守りたいもの(レイフォルド視点)後編
ブクマくださった方、ありがとうございます!!
馬車に揺られながら、いまだ記憶に新しい過去を振り返っていると、あっという間に職場に着いてしまった。
——王立魔術研究所。
まだ発足されて数年足らず。
この機関の最大の目的は、失われた古代文明を解明し、新たな「観光名所」をつくることだ。
わたしは魔道具を展示した「博物館」を創設する案を国に提出し、それにむけて日々、文献をもとに発掘された魔道具の解明をすすめている。
最近では「女魔術師・ミスリルライラ」の人気が追い風となり、我々の機関に興味を示す者が増えはじめた。作者のマリー氏には感謝しかない。これからも長く頑張ってほしいものだ。

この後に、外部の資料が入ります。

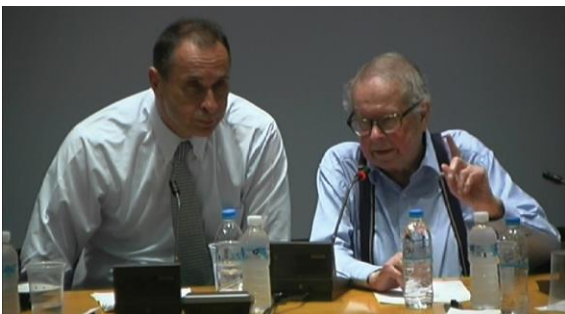
(Από την ομιλία του Kenneth Waltz στο πάνελ στρογγυλής τραπέζης)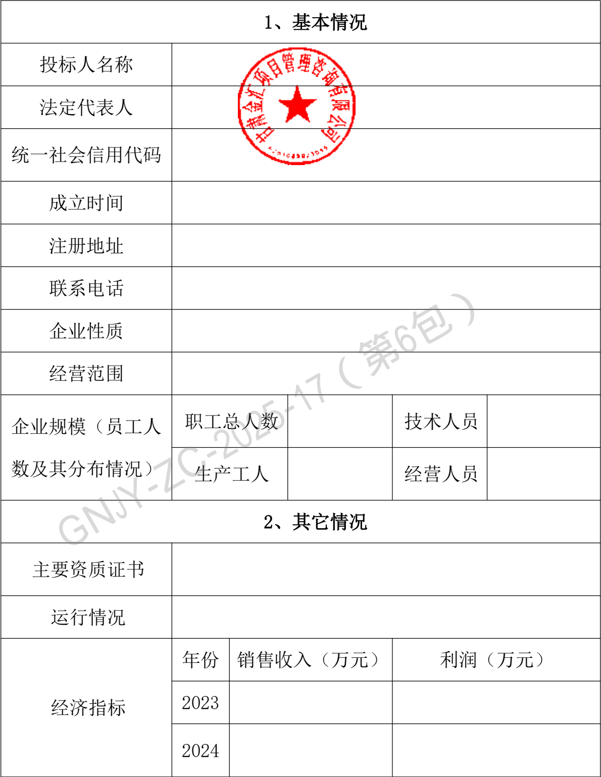
(6) 投标人基本情况表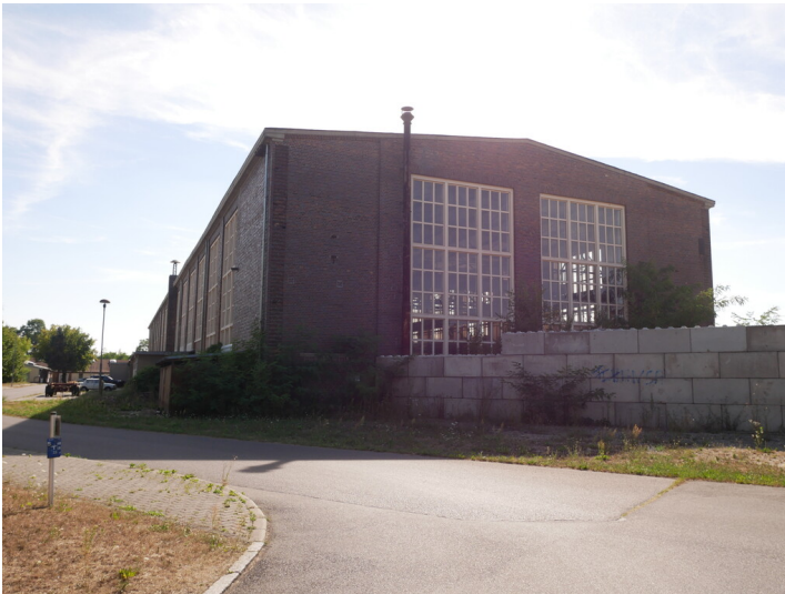
Restgebäude Hauptwerkstatt-Süd und Lehrwerkstatt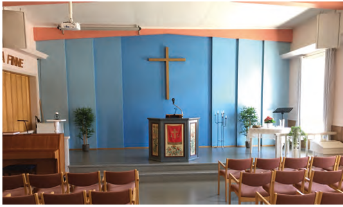
Interiørbilde fra Treungen bedehus.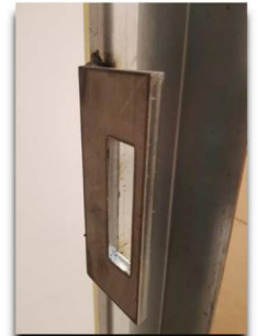
PUNTO DE ANCLAJE FRONTAL REFORZADO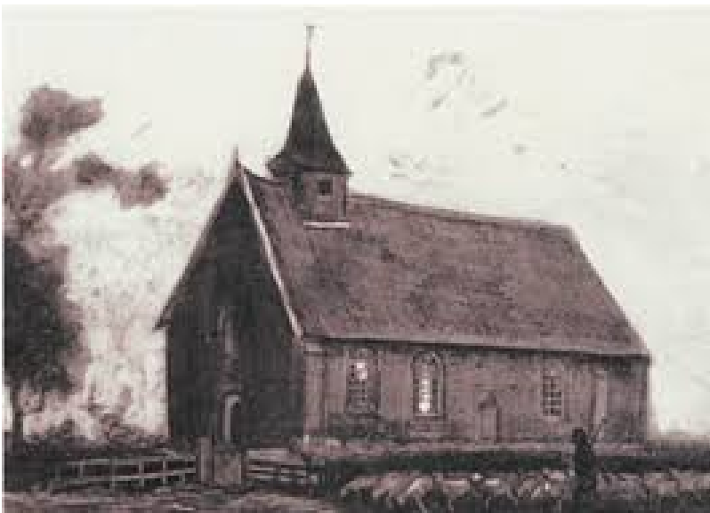
Het kerkje van Zweeloo, vereeuwigd door Vincent van Gogh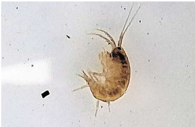
Da ist er wieder: So sehen die kleinen Flohkrebse aus.

Die nächsten Proben entnehmen die beiden Umweltschützer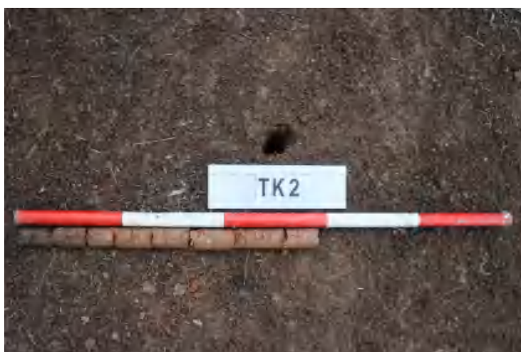
图 35 TK2 土样 (一米标杆,土样由左往右)

①层: 表土层,深 0-0.15 米,厚 0.15 米,为灰褐色黏土,土质疏松,内含植物根系、砂砾等。以下为红褐色黏土,土质致密,纯净,系生土。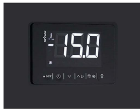
Termostato digital touch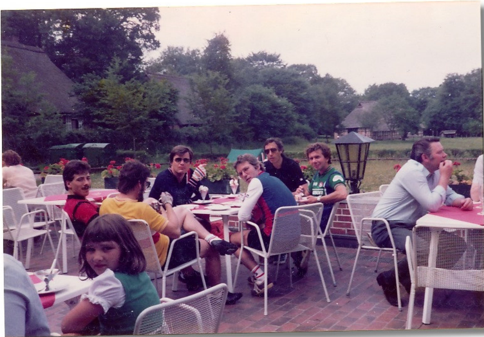
In Wilsede beim Eisbecher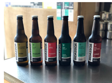
Cervezas Artesanas Cerveza 33cl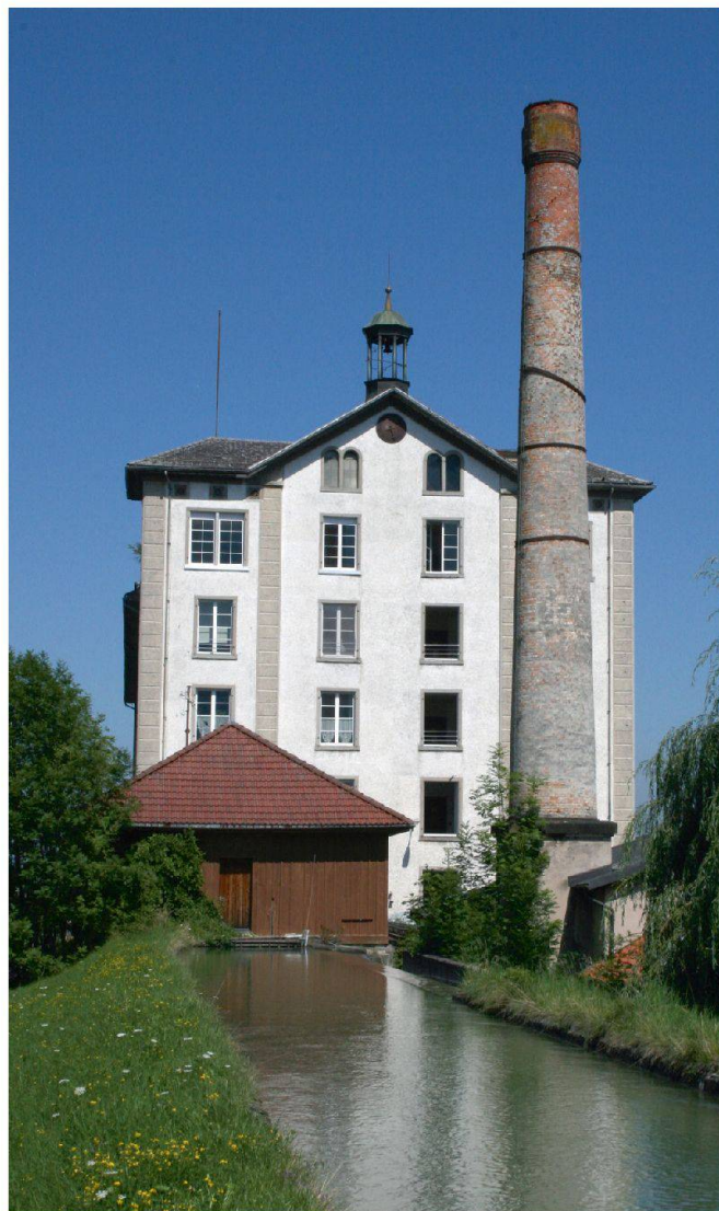
Die ehemalige Spinnerei Honegger in Siebnen.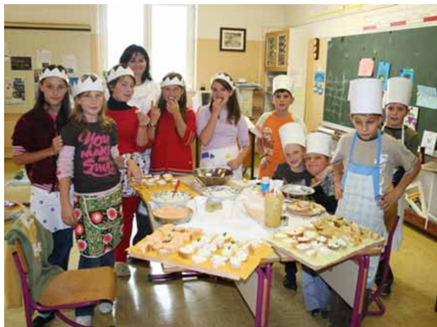
Učenci 5. r. ob mizi, polni okusnih namazov, ki so jih sami pripravili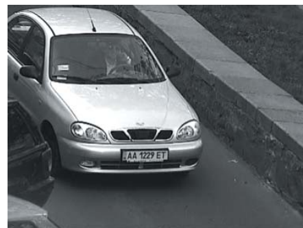
Тестирование в дневных условиях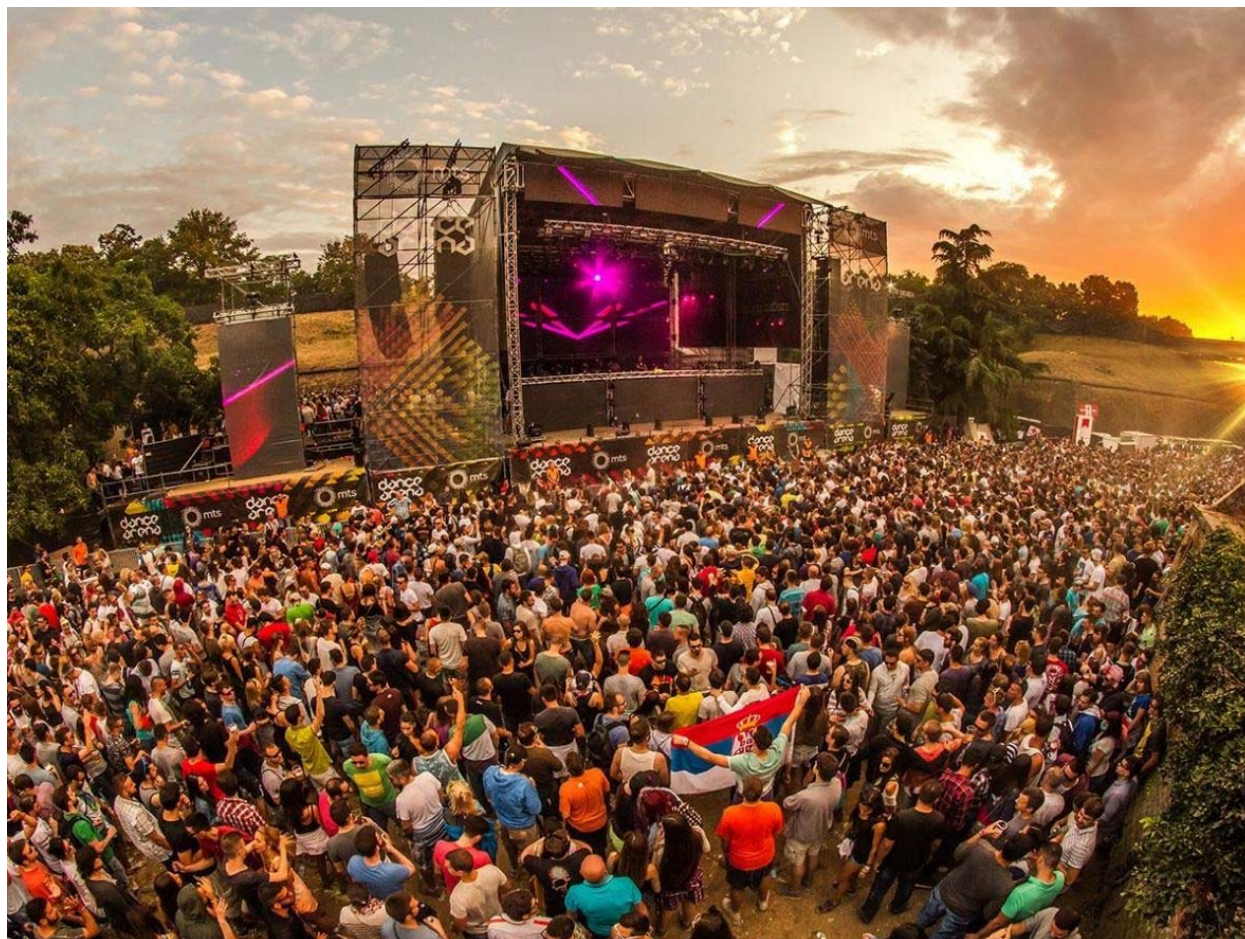
Slika 13. Glazbeni festival EXIT

Slika u nastavku rada prikazuje glavnu pozornicu na kojoj se izmjenjuju brojni izvođači tijekom pet dana trajanja festivala.

執務部屋に入り、さっそく仕事に取り掛かろうとしたところで、部下が慌てた様子で飛び込んできた。顔色が悪い。なにかあったのだろうか。
「所長、大変です! 何者かによって採掘場が爆破されたと報告がありました!」
「なんだとっ。怪我人は!? 皆、無事かっ!?」
「爆破されたのは夜間だったため、作業員は全員宿舎に帰っており、無事だということです」
「そうか……」
ひとまず良かったと、安堵する。
「犯人の目星は?」
「分かりません。……ただ、このところ珍しい魔道具を狙った窃盗が多発しているので、同じ輩の可能性はあるかと」
「魔道具を盗んで売り捌く……か」
頭を抱えたくなる問題だ。
ミスリルライラの人気とともに、古代の魔術師がつくった魔道具の窃盗も頻発している。まさか採掘場まで狙われるとは。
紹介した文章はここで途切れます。